Deaths from drug overdose have risen steadily over the past two decades, emerging as the leading cause of death due to injury in the United States. In 2012, of the more than 22,000 deaths relating to pharmaceutical overdose, 72 percent involved opioid pain relievers. In response to the growing crisis, the U.S. Food and Drug Administration has just granted approval for a new prescription opioid with properties specifically designed to make it difficult to abuse.
The new opioid — called Hysingla ER (hydrocodone bitartrate) — is an extended-release (ER) opioid analgesic designed to treat pain severe enough to require around-the-clock, long-term treatment. Approval for the drug was granted on Thursday.
According to the Centers for Disease Control and Prevention (CDC), an estimated 114 people die from drug overdose every day in the United States, and an additional 6,748 are treated daily in emergency rooms for complications arising from drug abuse or misuse. Annually, opioid overdoses account for up to two-thirds of emergency room visits in U.S. hospitals.
Doctors prescribe opioids for a range of ailments, from post-surgical pain to arthritis and migraines. Medical experts disagree over the appropriate role of opioids in treating pain, with some arguing that they should only be used for the most severe cases — such as cancer pain or end-of-life care — while others rightly point out that responsible use can offer remarkable improvements in quality of life for pain sufferers.
The Food and Drug Administration (FDA) has deemed it a priority to protect the public from the growing threat of prescription drug abuse, while also recognizing that some patients will require ongoing pain management with opioid drugs.
“While the science of abuse deterrence is still evolving, the development of opioids that are harder to abuse is helpful in addressing the public health crisis of prescription abuse in the US,” says Dr. Janet Woodcock, director of the FDA’s Center for Drug Evaluation and Research.
“Preventing prescription opioid abuse is a top public health priority for the FDA, and encouraging the development of opioids with abuse-deterrent properties is just one component of a broader approach to reducing abuse and misuse, and will better enable the agency to balance addressing this problem with ensuring that patients have access to appropriate treatments for pain,” adds Dr. Woodcock.
Hysingla ER has approved labeling describing the product’s abuse-deterrent properties consistent with the FDA’s 2013 draft guidance for industry, Abuse-Deterrent Opioids — Evaluation and Labeling.
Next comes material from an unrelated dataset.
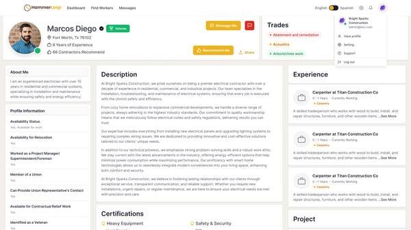 Workers can set up a complimentary profile, specifying their trade specialty and geographic location, which employers can then immediately search. When employers list job opportunities on the platform, they specify the trade to which the posting should be directed, and workers in the relevant area receive alerts for matching positions. Interested workers can review the job details and, if they wish to apply, click the 'loop me in' button to submit their profile directly to the employer. Subsequent communication can be handled entirely within the platform's messaging system.

The FDA cites several different properties of the new drug that are expected to make it more difficult to abuse. The tablet is difficult to crush, break or dissolve — properties designed to stop users from snorting or smoking the drug. Additionally, it forms a thick gel, making it unsuitable for injection.
Though the FDA say the drug’s physical and chemical properties make abuse more difficult, they acknowledge that it is still possible. Like other opioids, Hysingla ER can still be abused when swallowed intact – the most common method for abusing painkillers. And taking too much Hysingla ER — intentionally or accidentally — can cause an overdose that may result in death.
Because there are still risks for abuse, the FDA recommends prescribing Hysingla ER only to people for whom alternative treatment options are ineffective, not tolerated, or would be otherwise inadequate to provide sufficient pain management.
The drug is available in strengths of 20, 30, 40, 60, 80, 100 and 120 mg (of hydrocodone), to be taken every 24 hours. However, doses 80 mg and higher should not be prescribed to individuals who have not previously taken an opioid medication.
Though the drug contains higher quantities of hydrocodone compared with immediate-release hydrocodone combination products, the FDA say the range of tablet strengths is comparable to existing approved opioids. Additionally, as a single-entity opioid, Hysingla ER does not carry the serious liver toxicity risks associated with hydrocodone combination products containing acetaminophen.
Post-market studies needed to assess risks for abuse
Although Hysingla ER has many promising features, the FDA says health care professionals should be aware of the potential risks and always review and consider all available information as part of their decision-making when prescribing opioid analgesics. Furthermore, the agency also notes that the research on Hysingla ER is still ongoing and cannot be considered conclusive.
The safety and effectiveness of Hysingla ER were evaluated in a clinical trial of 905 people with chronic low back pain. Additional data from studies conducted in laboratories and in people demonstrated the abuse-deterrent features of Hysingla ER for certain types of abuse (oral, snorting and injection).
The most common side effects of Hysingla ER are constipation, nausea, fatigue, upper respiratory tract infection, dizziness, headache and drowsiness.
Now that Hysingla ER has been approved for use, the FDA is requiring post-marketing studies of the drug to demonstrate the effects that the abuse-deterrent features have on the risk for abuse, as well as the consequences of any abuse in the wider population.
In addition, Hysingla ER is part of the ER/LA Opioid Analgesics Risk Evaluation and Mitigation Strategy (REMS), which requires companies to make available to health care professionals educational programs on how to safely prescribe ER/LA opioid analgesics and to provide Medication Guides and patient counseling documents containing information on the safe use, storage, and disposal of ER/LA opioids.